=== ASSIGNED TASK ===
The data below should be restated word for word, with every picture omitted.

=== DATA SHOWN ===
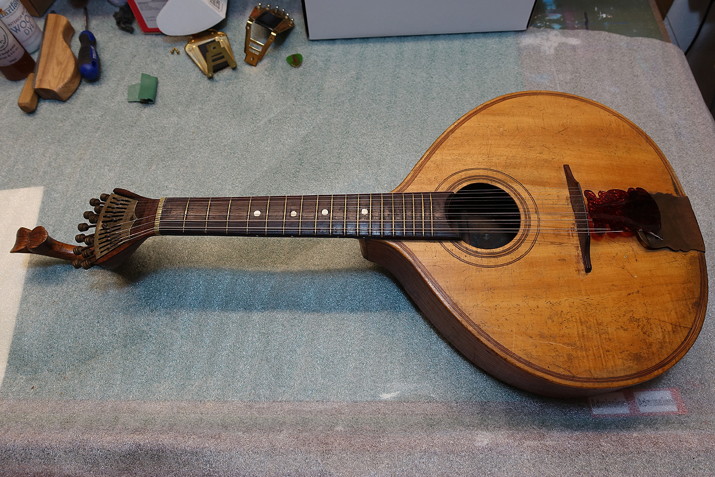 Judging by the shape of the headstock, I *think* Jamie's guitarra is the least common of the three main sub-types, the "Porto" model. Like many vintage guitarras (like my Lisboa-style Abílio Godinho), it seems smaller bodied than modern instruments.
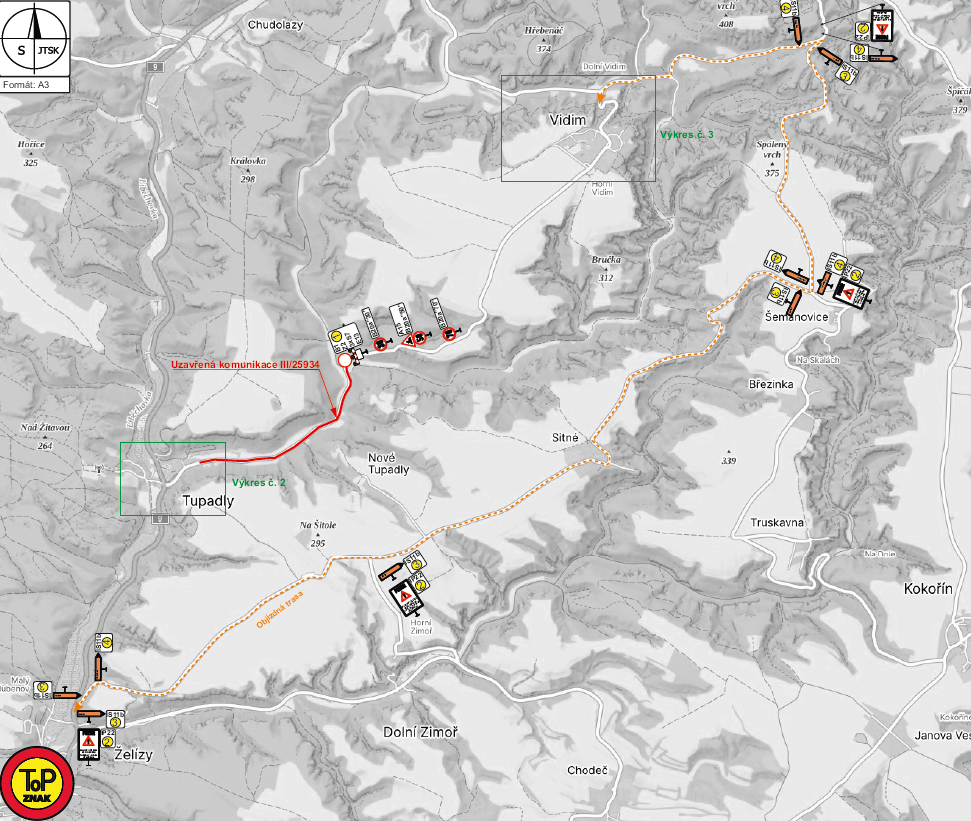 Silnice bude úplně uzavřena od cedule Tupadly směrem na Vidim. Veškeré přístupy k nemovitostem v obci budou zachovány. Objízdná trasa vede přes Šemanovice.
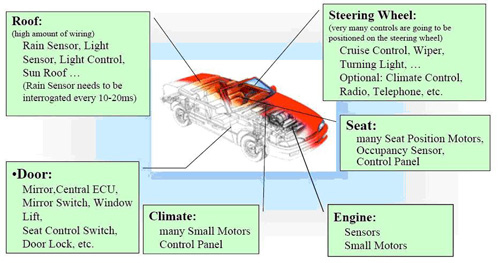 汽车中的电子系统和组件平均达到80多个,它们之间越来越复杂的连接和通信功能对总线技术提出了需求。车灯、发动机、电磁阀、空调等设备的传统连接方式为线缆连接,而如果电子元件之间也用电缆连接则必然造成连接复杂性的提高、可靠性的下降,和整体重量的上升;此外,伴随而来的线缆的磨损和老化现象也将使汽车的安全性能降低。

=== ANSWER TO THIS PROBLEM ===
 Judging by the shape of the headstock, I *think* Jamie's guitarra is the least common of the three main sub-types, the "Porto" model. Like many vintage guitarras (like my Lisboa-style Abílio Godinho), it seems smaller bodied than modern instruments.
 Silnice bude úplně uzavřena od cedule Tupadly směrem na Vidim. Veškeré přístupy k nemovitostem v obci budou zachovány. Objízdná trasa vede přes Šemanovice.
 汽车中的电子系统和组件平均达到80多个,它们之间越来越复杂的连接和通信功能对总线技术提出了需求。车灯、发动机、电磁阀、空调等设备的传统连接方式为线缆连接,而如果电子元件之间也用电缆连接则必然造成连接复杂性的提高、可靠性的下降,和整体重量的上升;此外,伴随而来的线缆的磨损和老化现象也将使汽车的安全性能降低。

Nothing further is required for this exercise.